Published on

Bringing multilingual Embeddings and Re-ranking to your local/dev environment with BAAI bge-m3 — 8k context length model

  • Name


In the vast expanse of natural language processing (NLP), finding a robust, multilingual model that can effectively handle both embeddings and re-ranking can be akin to searching for a needle in a haystack. Today, I’m thrilled to share a solution that not only addresses this challenge but also offers a swift, easy-to-deploy server for FAST local development and testing purposes.

The problem

As the digital world continues to shrink, the demand for multilingual NLP solutions has skyrocketed. Yet, the availability of models that can accurately understand and process multiple languages, especially for embeddings and re-ranking tasks in the Open Source world, remains very limited. This gap significantly hinders the development of global, inclusive applications. After testing numerous models, the scarcity of efficient, multilingual options became evident, propelling me to search for a better solution.

The solution

Enter the BAAI’s M3 — 8k context length model, a beacon of hope in the multilingual NLP landscape. The model’s proficiency in understanding and processing a wide array of languages is unparalleled. Recognizing its potential, I’ve developed a simple, fast server using FastAPI to serve embeddings and re-ranking services powered by this model. This server is designed for local development and testing, offering a straightforward way to integrate advanced NLP capabilities into your projects.

How it works

The server leverages FastAPI to expose endpoints for generating embeddings and re-ranking, making it incredibly user-friendly for developers. With asynchronous processing and batch handling, it’s built to manage multiple requests efficiently, ensuring that even in a local development environment, you experience optimal performance.

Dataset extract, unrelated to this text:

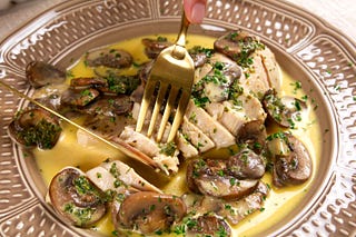 Easy, Healthy and Juicy Poached Chicken with Mushroom Ragout

Despite its simplicity, this server is packed with powerful features designed to maximize efficiency and performance for local development and testing. Here are a few highlights:

  • Asynchronous Processing: Utilizing FastAPI’s asynchronous capabilities, the server efficiently handles multiple requests simultaneously, ensuring rapid response times without blocking operations.
  • Dynamic Timeout Handling: To prevent long waits and potential server hang-ups, a dynamic timeout mechanism is in place. This ensures that if a request cannot be processed within a specified timeframe, it’s gracefully handled, and an appropriate response is returned to the client.
  • Intelligent Batching: The server smartly accumulates incoming requests into batches, optimizing the utilization of the M3 model for embeddings and re-ranking tasks. This batching mechanism significantly improves throughput, especially when dealing with high volumes of requests.
  • Flush Mechanism for Batches: A smart flush mechanism ensures that batches are not only processed at regular intervals but also when they reach a certain size. This dual-condition approach guarantees that the server remains responsive and that requests are processed in a timely manner, enhancing the overall efficiency of the model’s utilization.
  • GPU Utilization and Semaphore Lock: A semaphore lock ensures that GPU access in a secure manner, preventing concurrent access issues.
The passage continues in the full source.